Much has been discussed about the respiratory complications of COVID-19. However there is suggestion of neurologic sequela from the infection as well. SARS-CoV-2 has been found to directly invade brain cells, called neurons. However unlike other coronaviruses which can cause brain inflammation, called encephalopathy, mild COVID-19 tends not to incite this reaction. Of interest, patients who have died of COVID-19, on autopsy, do have some inflammation in their brain, but it is less clear if and when this would happen in mild or asymptomatic cases.
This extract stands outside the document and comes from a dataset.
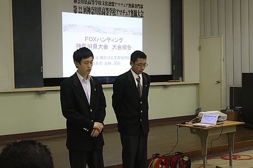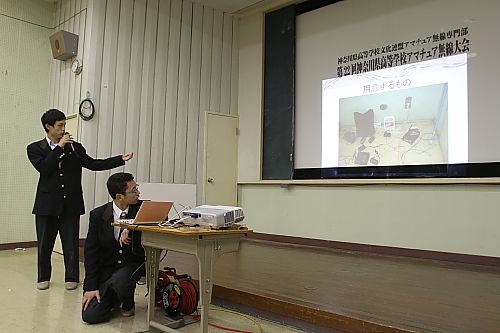 2011年12月18日(日)、神奈川県川崎市のJR南武線平間駅下車8分のところにある「神奈川県立川崎工科高等学校」において、「第22回神奈川県高等学校アマチュア無線大会」が開催され、その中で、第22回高等学校アマチュア無線コンテスト表彰式が行われました。 主催は、神奈川県の文化部の集まりである神奈川県高等学校文化連盟の中のアマチュア無線専門部です。 入賞された茨城県の高校生も参加されました。 このあと、以下の行事について生徒のみなさんから、報告をしてもらいました。 4月のALL JA+第1回FOX大会合宿報告 5月の第2回FOX大会合宿報告 7月の全国高等学校ARDF競技大会報告 8月のハムフェア出展報告・全国生徒交流大会報告 「全国高等学校文化連盟アマチュア無線専門部設立準備会」として 10月の全日本ARDF競技大会報告 11月の第3回FOX大会報告 最後、集合写真を撮って、おひらきとなりました。 尚、第22回高等学校アマチュア無線コンテストのルール及び結果発表は、以下、クリックしてください。 http://www.ishitani.com/h-test.htm |

It is unclear how the virus gains access to the brain. While many patients lose some taste and smell with infection, it is uncertain if this is the route of cerebral penetration. However there has been some media publicity, that even minimally symptomatic people could be dying of strokes in droves. The Washington Post published such a clam in April: This is a largely unfounded claim. On the contrary, during this pandemic, many stroke centers have experience significant reductions, as opposed to increases, in strokes. A recent study found a 39% stroke reduction nationwide. In one large healthcare system treating thousands of COVID-19 patients, only 0.9% of these patients had imaging-proven stroke. Of interest, there also has been a nationwide 38% reduction in heart attacks.
This is an interesting finding, because other respiratory infections with sepsis (infection entering the blood stream), have up to a 5-fold increase in ischemic stroke in the first two weeks. Additionally, up to a 3rdof all-comer stroke patients may have had some sort of infection in the preceding week. However in mild COVID-19 disease, there essentially no associated risk.
Overall, the pathophysiology of COVID-19 is still poorly understood. However, young people with mild COVID-19, and otherwise no cardiac risk factors, have a low risk for stroke. Of course, severe COVID-19 is a different story Sensationalism is harmful. Increased rates of anxiety, depression and suicide have been associated with lockdowns during this pandemic. There have been financial ramifications. Exacerbating a fear of strokes, in an already strained healthcare system, may be irresponsible.